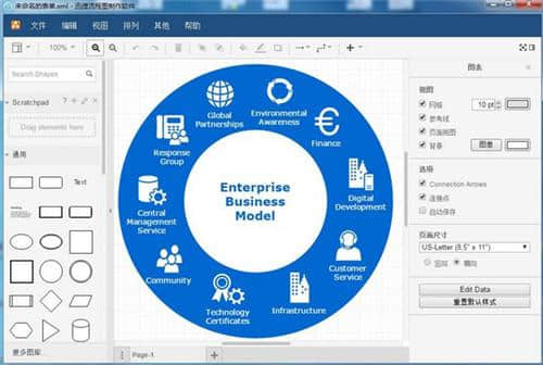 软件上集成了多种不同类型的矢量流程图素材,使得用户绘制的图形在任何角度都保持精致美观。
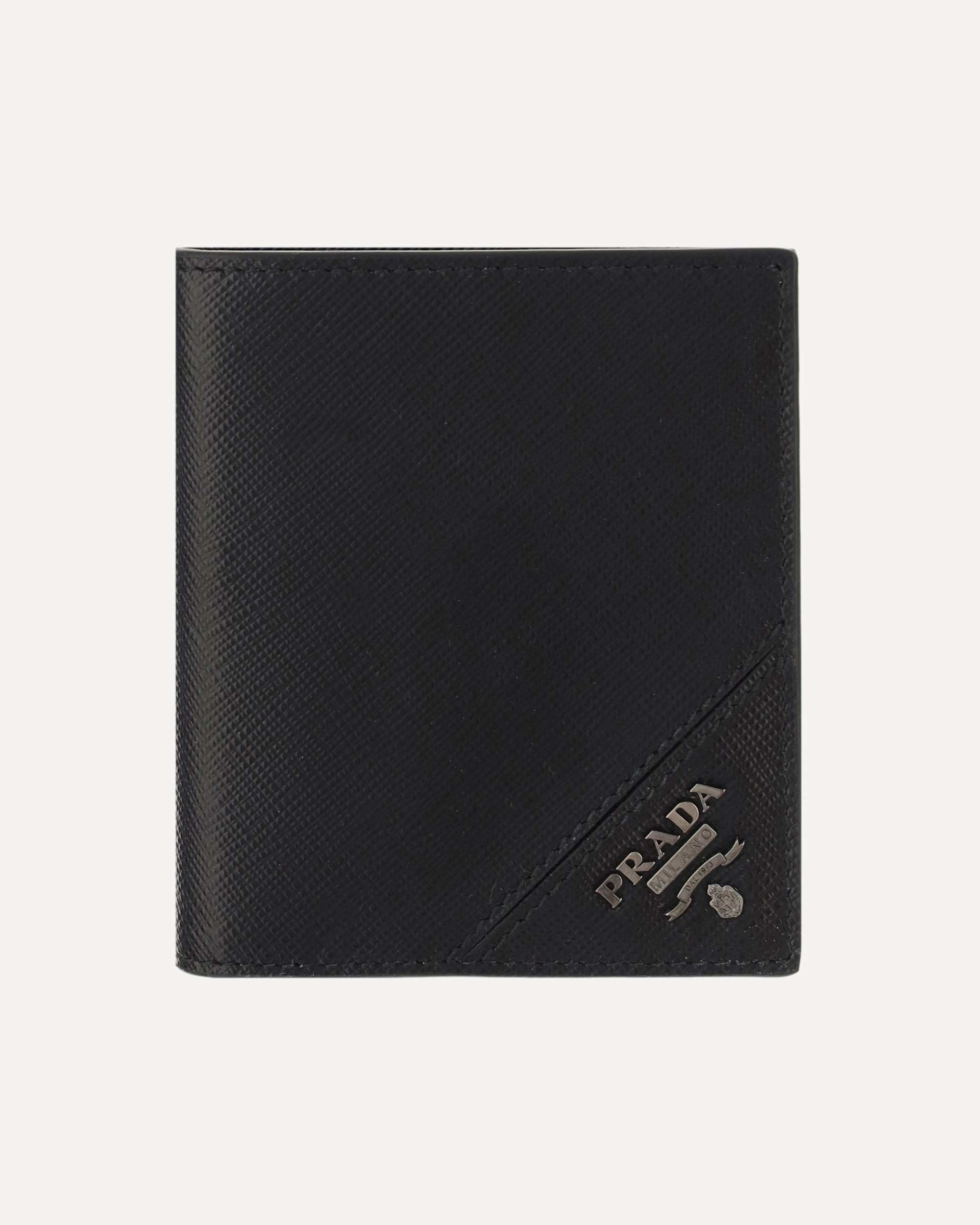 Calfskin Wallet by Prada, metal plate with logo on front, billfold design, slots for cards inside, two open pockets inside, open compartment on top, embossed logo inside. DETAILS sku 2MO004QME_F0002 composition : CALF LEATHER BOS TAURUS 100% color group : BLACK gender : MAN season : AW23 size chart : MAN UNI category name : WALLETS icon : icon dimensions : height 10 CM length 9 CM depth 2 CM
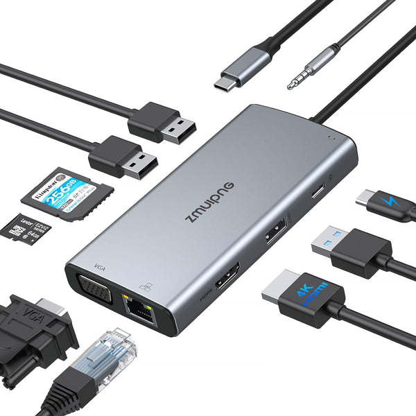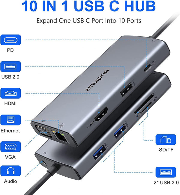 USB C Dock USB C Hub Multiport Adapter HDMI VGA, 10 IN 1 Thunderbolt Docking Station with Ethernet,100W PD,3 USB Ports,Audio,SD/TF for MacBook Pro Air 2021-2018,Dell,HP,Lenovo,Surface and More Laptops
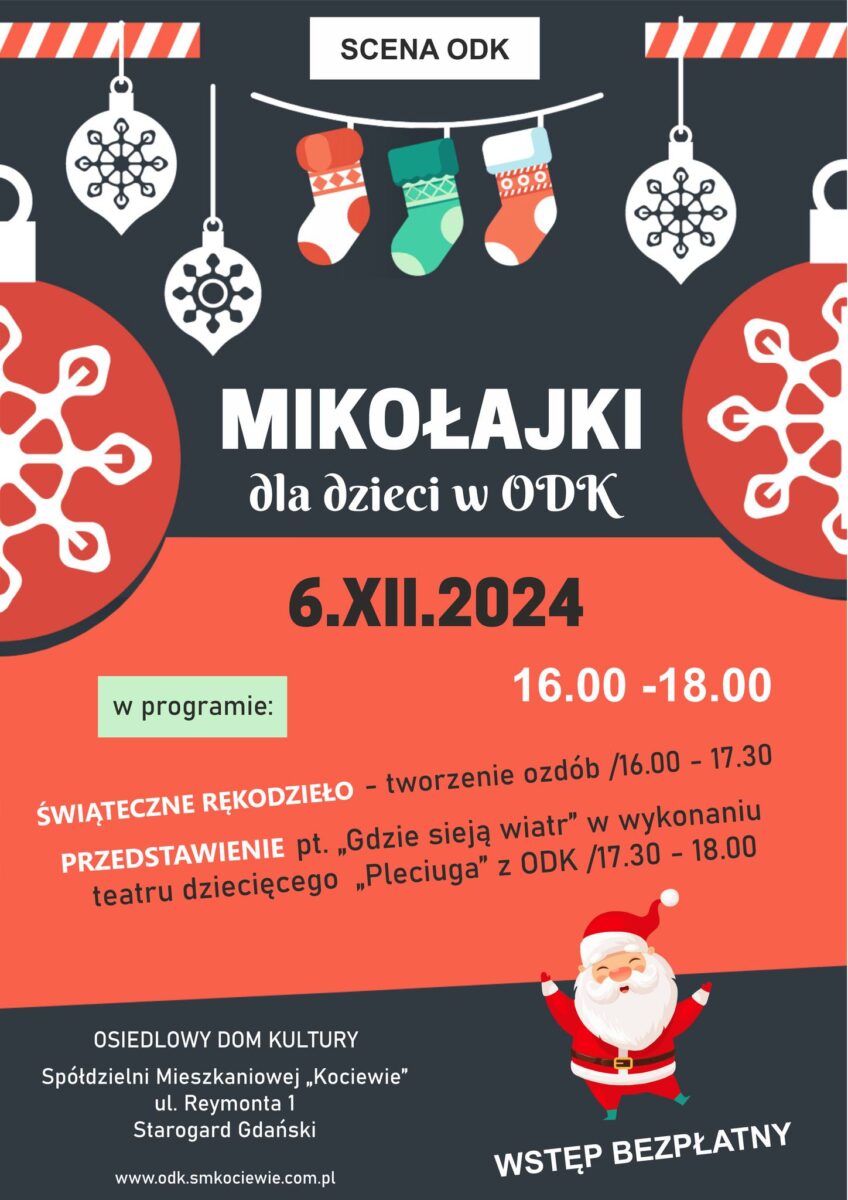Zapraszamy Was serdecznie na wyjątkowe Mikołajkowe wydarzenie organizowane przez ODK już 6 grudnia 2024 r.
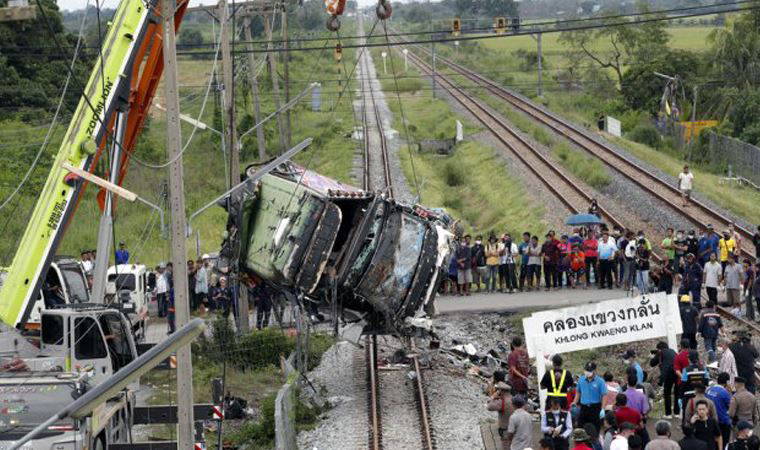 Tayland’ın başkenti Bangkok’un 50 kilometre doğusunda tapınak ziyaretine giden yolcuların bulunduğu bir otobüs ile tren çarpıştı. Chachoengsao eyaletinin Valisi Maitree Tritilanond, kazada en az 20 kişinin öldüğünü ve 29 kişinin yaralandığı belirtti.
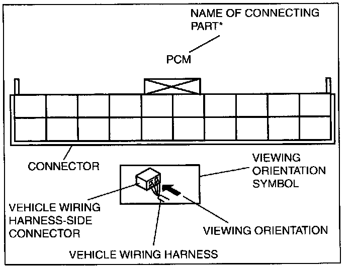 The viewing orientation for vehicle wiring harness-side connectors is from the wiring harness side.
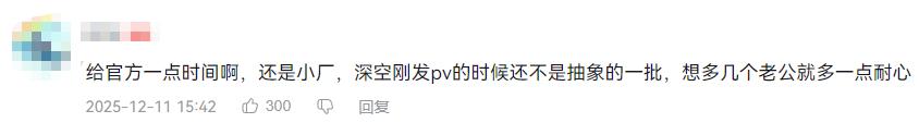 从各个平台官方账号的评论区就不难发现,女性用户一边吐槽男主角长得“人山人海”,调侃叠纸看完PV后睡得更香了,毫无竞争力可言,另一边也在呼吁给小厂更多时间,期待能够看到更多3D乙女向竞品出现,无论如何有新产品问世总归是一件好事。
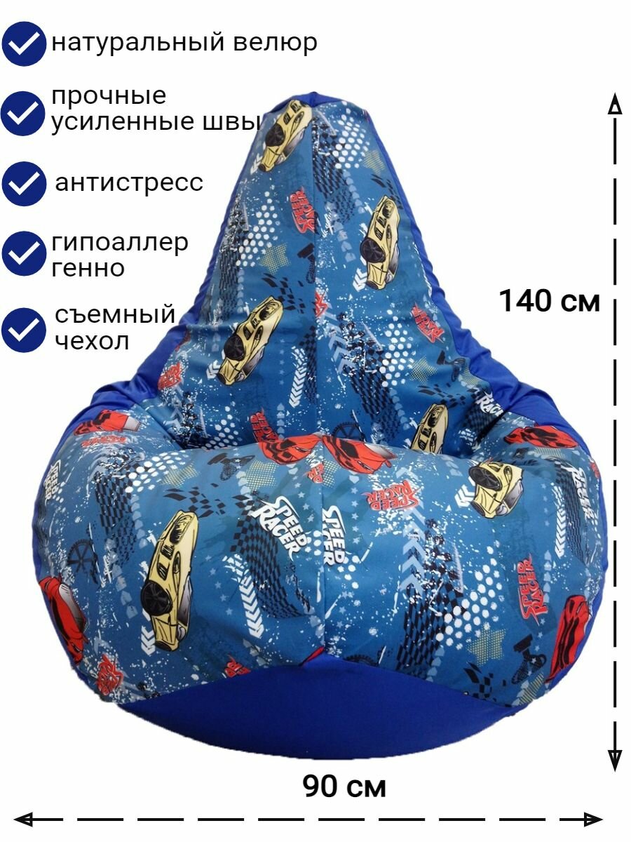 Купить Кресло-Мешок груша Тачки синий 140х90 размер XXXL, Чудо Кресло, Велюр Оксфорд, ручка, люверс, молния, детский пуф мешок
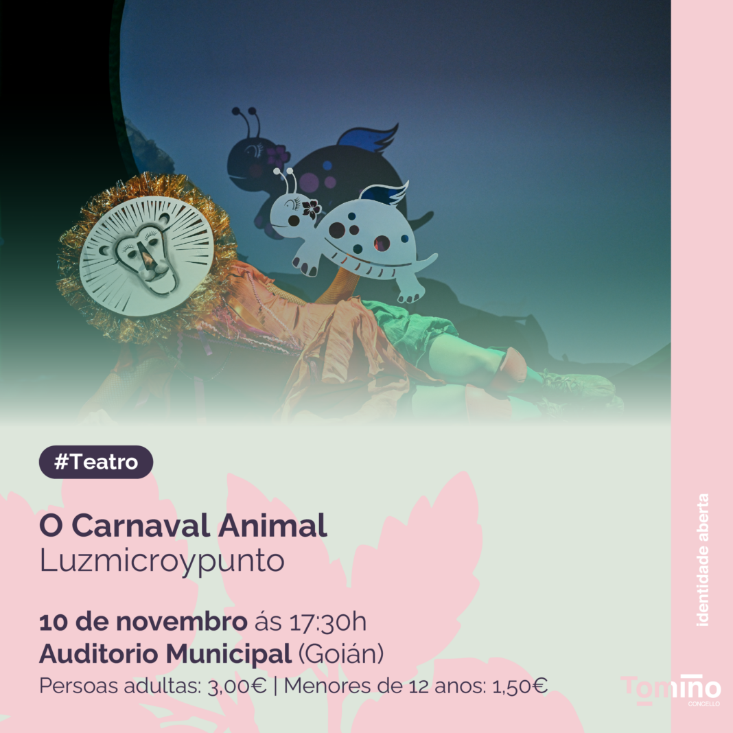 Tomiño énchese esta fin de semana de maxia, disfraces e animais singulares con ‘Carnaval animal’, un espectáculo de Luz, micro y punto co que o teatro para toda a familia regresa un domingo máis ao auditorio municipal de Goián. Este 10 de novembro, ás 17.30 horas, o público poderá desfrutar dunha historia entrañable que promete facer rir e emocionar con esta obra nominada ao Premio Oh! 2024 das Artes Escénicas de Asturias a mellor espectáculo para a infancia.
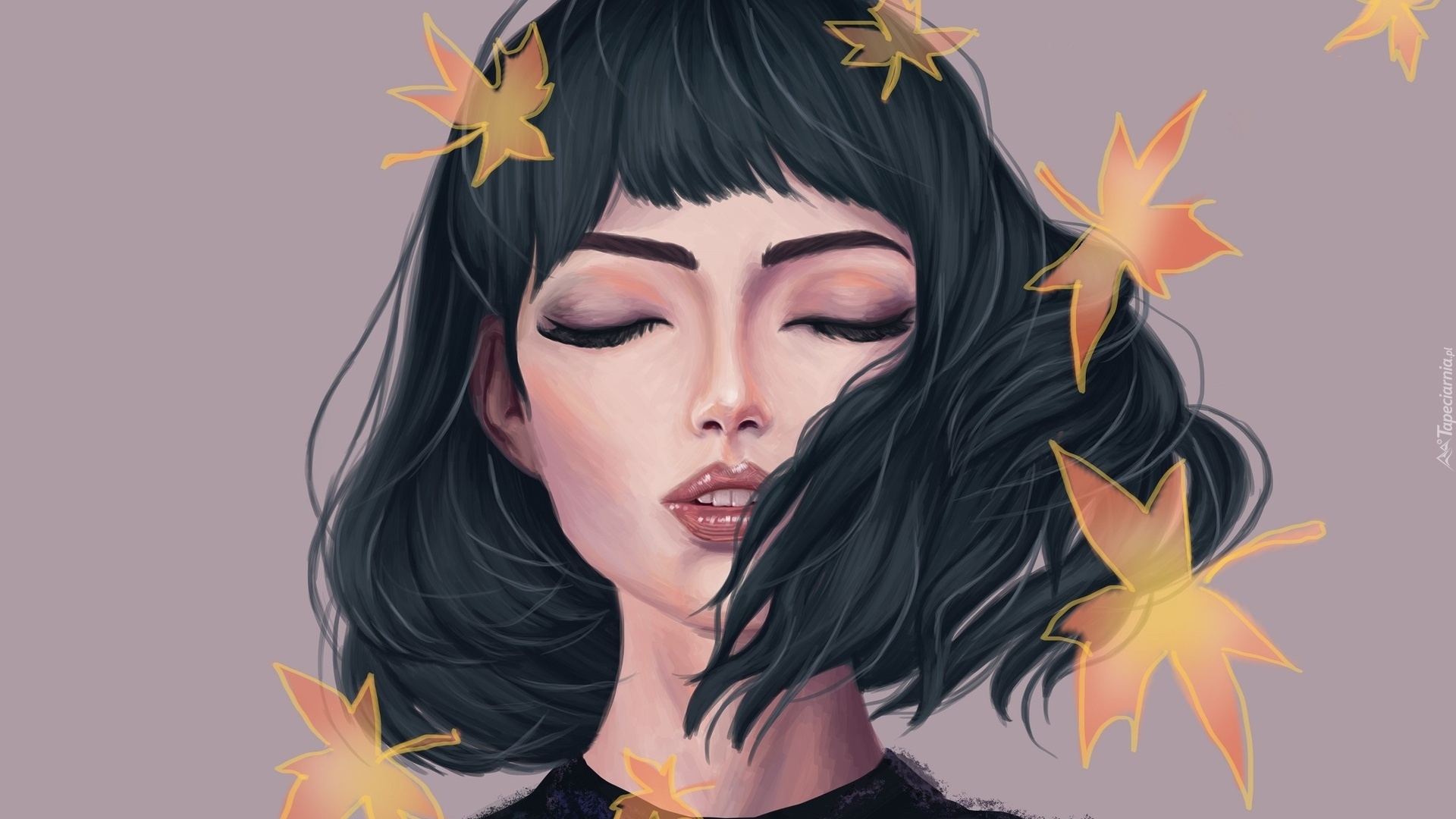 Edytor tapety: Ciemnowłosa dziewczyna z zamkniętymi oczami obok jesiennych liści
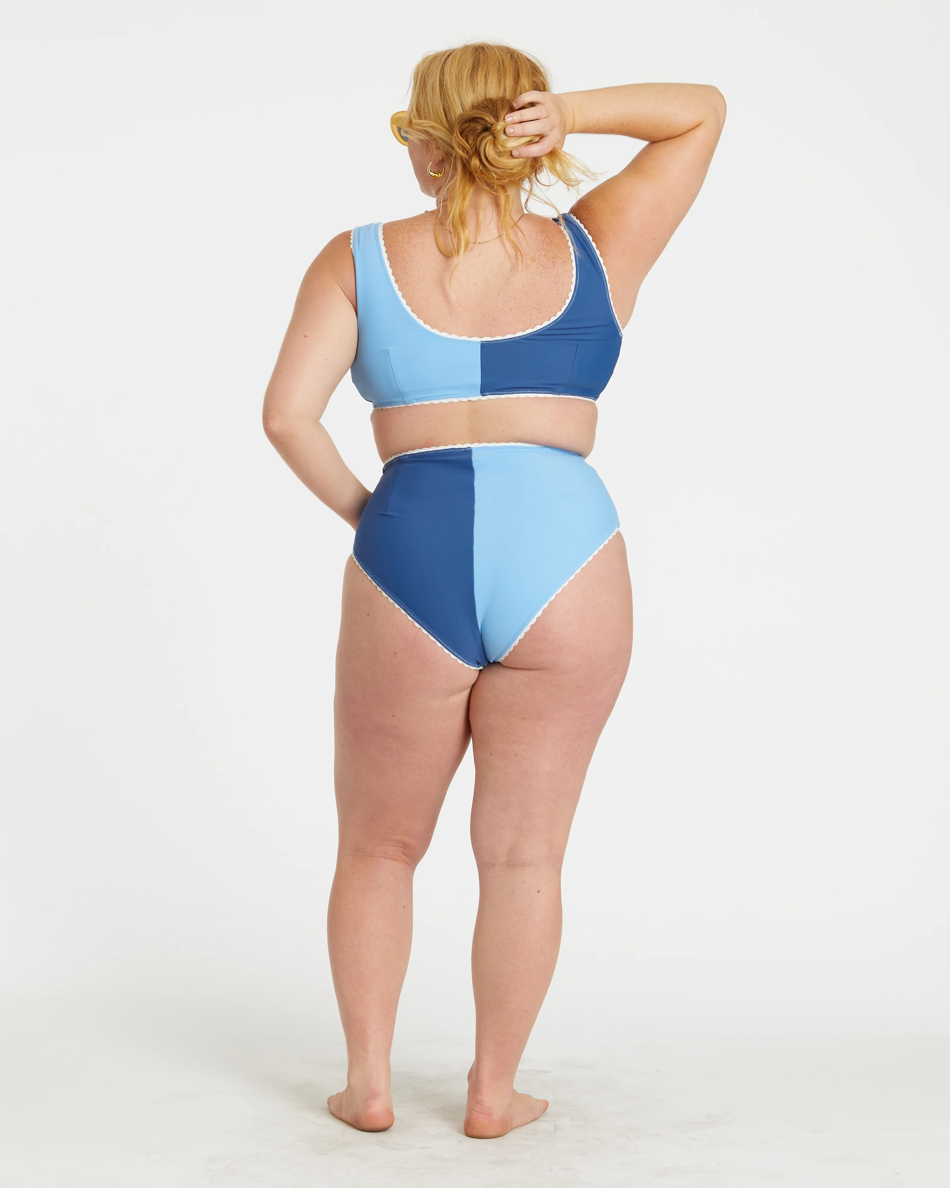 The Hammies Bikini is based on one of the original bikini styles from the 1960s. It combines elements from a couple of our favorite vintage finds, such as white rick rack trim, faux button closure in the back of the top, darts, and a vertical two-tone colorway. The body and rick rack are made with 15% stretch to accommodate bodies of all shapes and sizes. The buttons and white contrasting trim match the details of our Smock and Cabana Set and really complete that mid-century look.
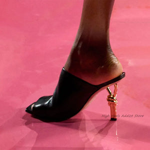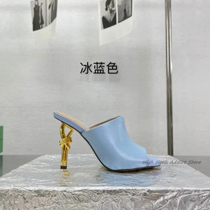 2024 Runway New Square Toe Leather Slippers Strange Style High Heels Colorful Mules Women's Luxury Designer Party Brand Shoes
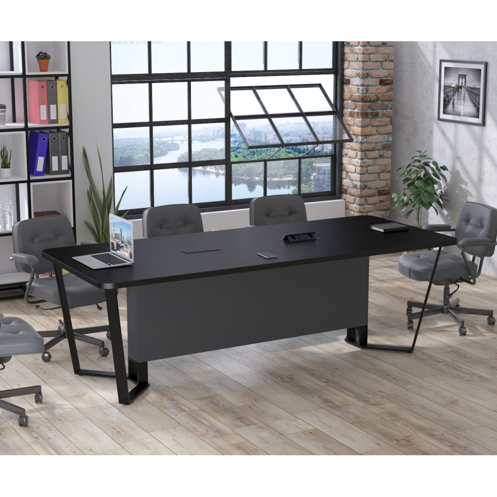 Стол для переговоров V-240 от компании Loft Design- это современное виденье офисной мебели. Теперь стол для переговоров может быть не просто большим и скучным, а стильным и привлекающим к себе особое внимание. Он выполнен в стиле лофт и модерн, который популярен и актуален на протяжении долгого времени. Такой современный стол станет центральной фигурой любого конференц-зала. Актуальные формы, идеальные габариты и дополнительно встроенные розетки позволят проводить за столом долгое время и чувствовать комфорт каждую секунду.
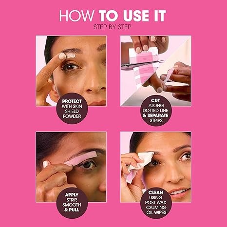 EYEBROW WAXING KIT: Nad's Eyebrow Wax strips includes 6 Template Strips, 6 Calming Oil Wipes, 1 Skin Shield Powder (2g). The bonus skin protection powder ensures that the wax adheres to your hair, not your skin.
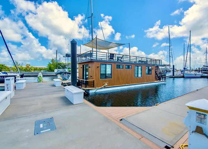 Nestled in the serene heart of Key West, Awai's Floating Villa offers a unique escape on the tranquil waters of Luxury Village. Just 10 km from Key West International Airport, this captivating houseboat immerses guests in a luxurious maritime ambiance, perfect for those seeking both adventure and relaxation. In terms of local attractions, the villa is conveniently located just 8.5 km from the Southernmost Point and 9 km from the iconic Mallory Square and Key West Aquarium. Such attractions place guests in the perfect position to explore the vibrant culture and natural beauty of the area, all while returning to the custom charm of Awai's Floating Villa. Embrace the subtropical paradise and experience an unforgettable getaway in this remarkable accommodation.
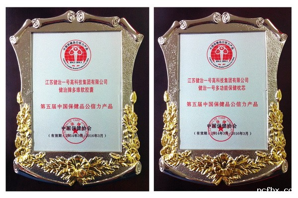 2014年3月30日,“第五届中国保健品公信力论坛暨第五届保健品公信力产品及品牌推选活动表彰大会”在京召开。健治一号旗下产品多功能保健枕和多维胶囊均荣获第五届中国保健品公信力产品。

◇ ◇ ◇

WORK TO BE COMPLETED –
Starting at the line above that holds "Tayland’ın başkenti Bangkok’un", return each line up to and including the one that holds "从各个平台官方账号的评论区就", exactly as written, minus any pictures.

RESULT FOR THIS EXERCISE –
 Tayland’ın başkenti Bangkok’un 50 kilometre doğusunda tapınak ziyaretine giden yolcuların bulunduğu bir otobüs ile tren çarpıştı. Chachoengsao eyaletinin Valisi Maitree Tritilanond, kazada en az 20 kişinin öldüğünü ve 29 kişinin yaralandığı belirtti.
 The viewing orientation for vehicle wiring harness-side connectors is from the wiring harness side.
 从各个平台官方账号的评论区就不难发现,女性用户一边吐槽男主角长得“人山人海”,调侃叠纸看完PV后睡得更香了,毫无竞争力可言,另一边也在呼吁给小厂更多时间,期待能够看到更多3D乙女向竞品出现,无论如何有新产品问世总归是一件好事。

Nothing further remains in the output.